Trump as ‘war leader’: an assumed transformation These strikes aim to do much more than bring Tehran back to the negotiating table. Trump is trying to redefine the terms of this 47-year conflict and secure a place in history by resolving it decisively. Therein lies the historical ambition of Trump: he does not see himself as a ‘war leader’ in spite of himself but as one who resolves what his predecessors evaded. Reagan, Clinton, Bush, Obama, and Biden—all managed Iran without making a decision. Trump decided to strike. His post-strike rhetoric confirms it: calls to the Iranian people to “rise up,” speeches on freedom, and promises that “peace is within reach.” It is a warrior posture.
Major geopolitical risks Iran is not Iraq in 2003. It has more cohesive state institutions, a deeply rooted ideological structure, and regional networks that extend well beyond its borders. Several questions remain open: — The succession to Khamenei. His death creates an institutional vacuum unprecedented since 1989. The regime can collapse or, on the contrary, radicalize around an even harder successor. — The Strait of Hormuz. 20% of global oil passes through it. A prolonged closure would have considerable global economic effects. — The reaction of Russia and China, which have strategic links with Tehran, cannot remain passive in the face of what resembles a change in the regional order. — The precedent for North Korea is that Iran without a bomb has been attacked, which may reinforce Kim Jong-un’s conviction that nuclear weapons are the only true protection.

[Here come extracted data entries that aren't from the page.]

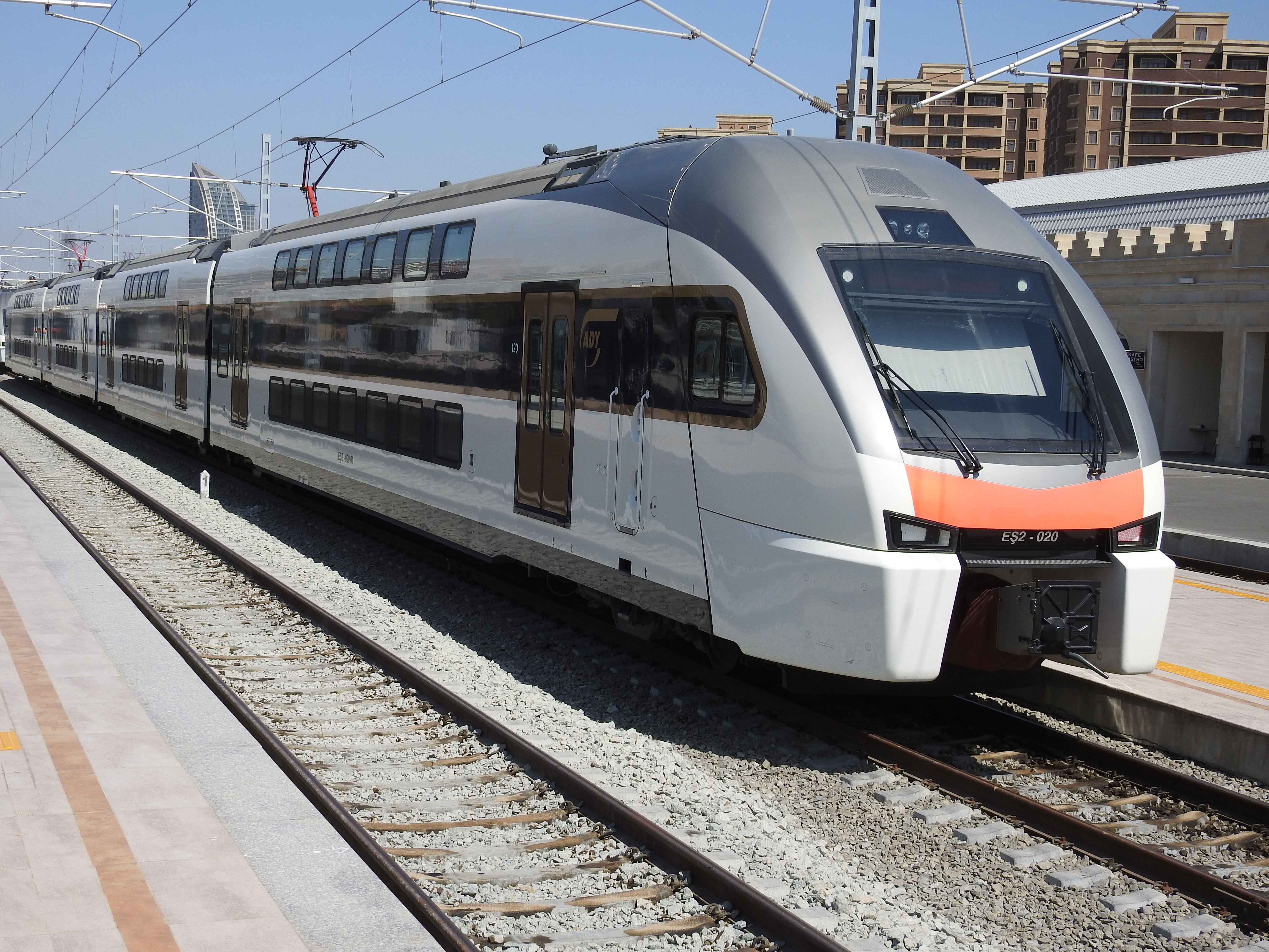 Stadler KISS ES2-020 for Azerbaijan Railways at station in Baku.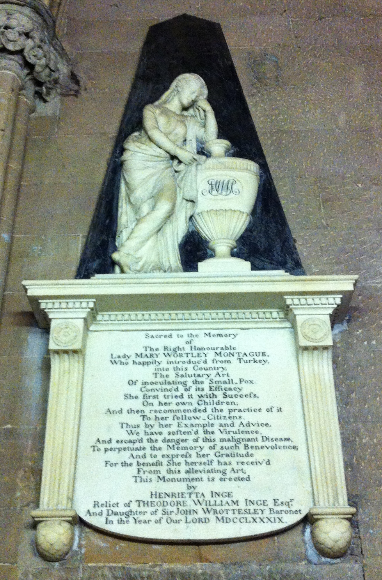 Memorial to the Rt. Hon. Lady Mary Wortley Montague. Who happily introduced from Turkey, into this Country, The Salutary Art of inoculating the Small Pox. Convinced of its Efficacy she first tried it with Success on her own Children. And then recommended the practice of it to her fellow Citizens. Thus by her example and advice we have softened the virulence and escaped the danger of this malignant disease. To perpetuate the memory of such benevolence, and to express her gratitude for the benefit she herself has received, from this alleviating art, This monument is erected by Henrietta Inge, Relict of Theodore William Inge, Esq, and daughter of Sir John Wrottesley Baronet, in the year of our Lord 1789.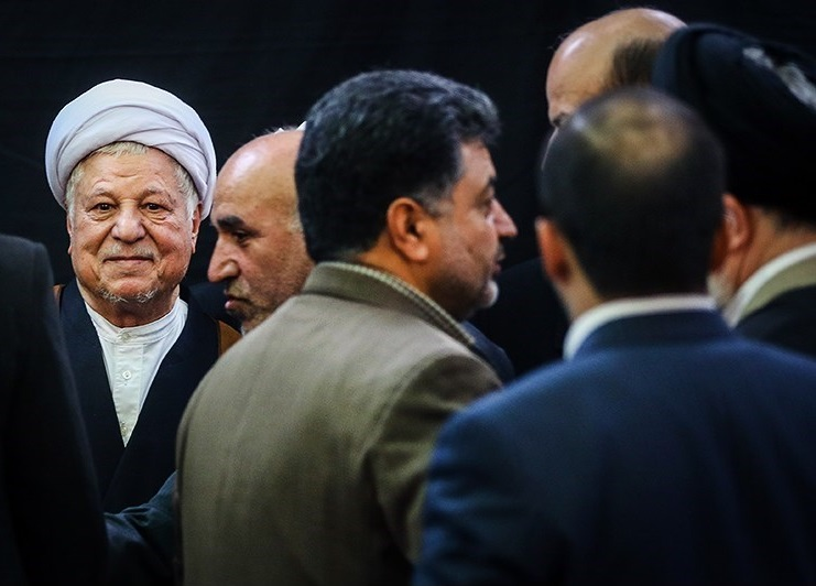 Akbar Hashemi Rafsanjani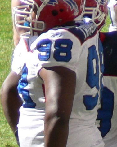 Chris Kelsay, Larry Tripplett, and Coy Wire of the Buffalo Bills defensive line.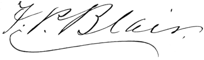 signature of Francis P. Blair, Sr.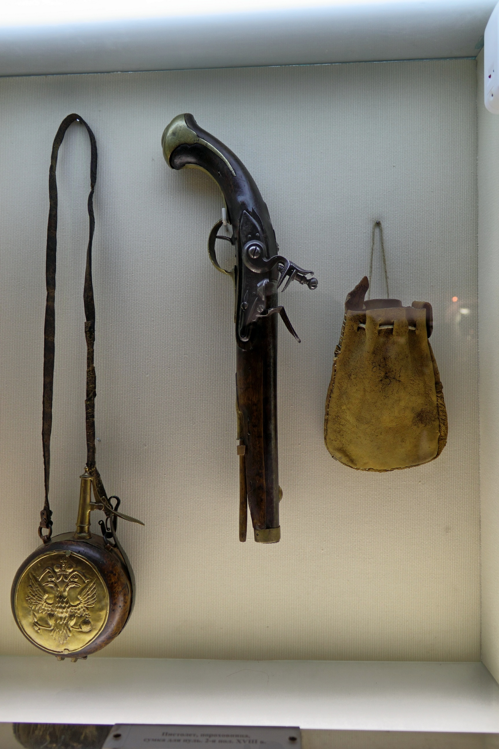 Vladimir. The Vladimir-Suzdal history, architecture and art museum. The museum exposition (Powder box, handgun and bag of bullets. 2nd half of the XVIII century.)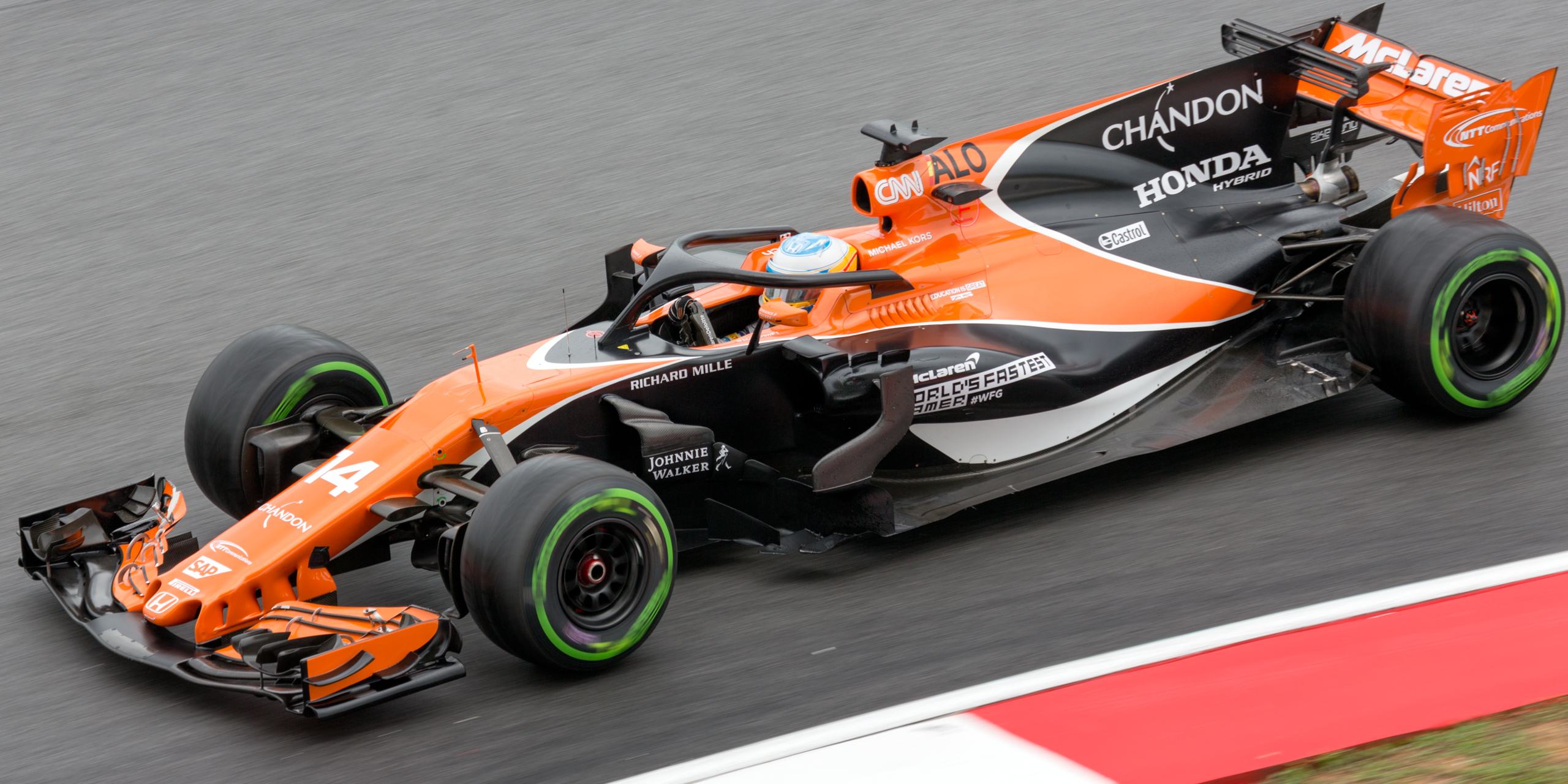 Formula One 2017 Rd.15 Malaysian GP: Fernando Alonso (McLaren)

Trump does claim to be a warlord, but he does so in a very specific way: while his rhetoric is unclear (the man who wanted fewer wars delivers perhaps the largest since Iraq), his strategic goals—removing the Iranian threat, enforcing a regime change, and strengthening American power in the Middle East—are coherent. He employs the language of peace to defend war acts because he believes that using force is the quickest way to achieve a more stable order. This paradox is typical of the character. Whether this was a wise or fatal geostrategic gamble will be determined by history.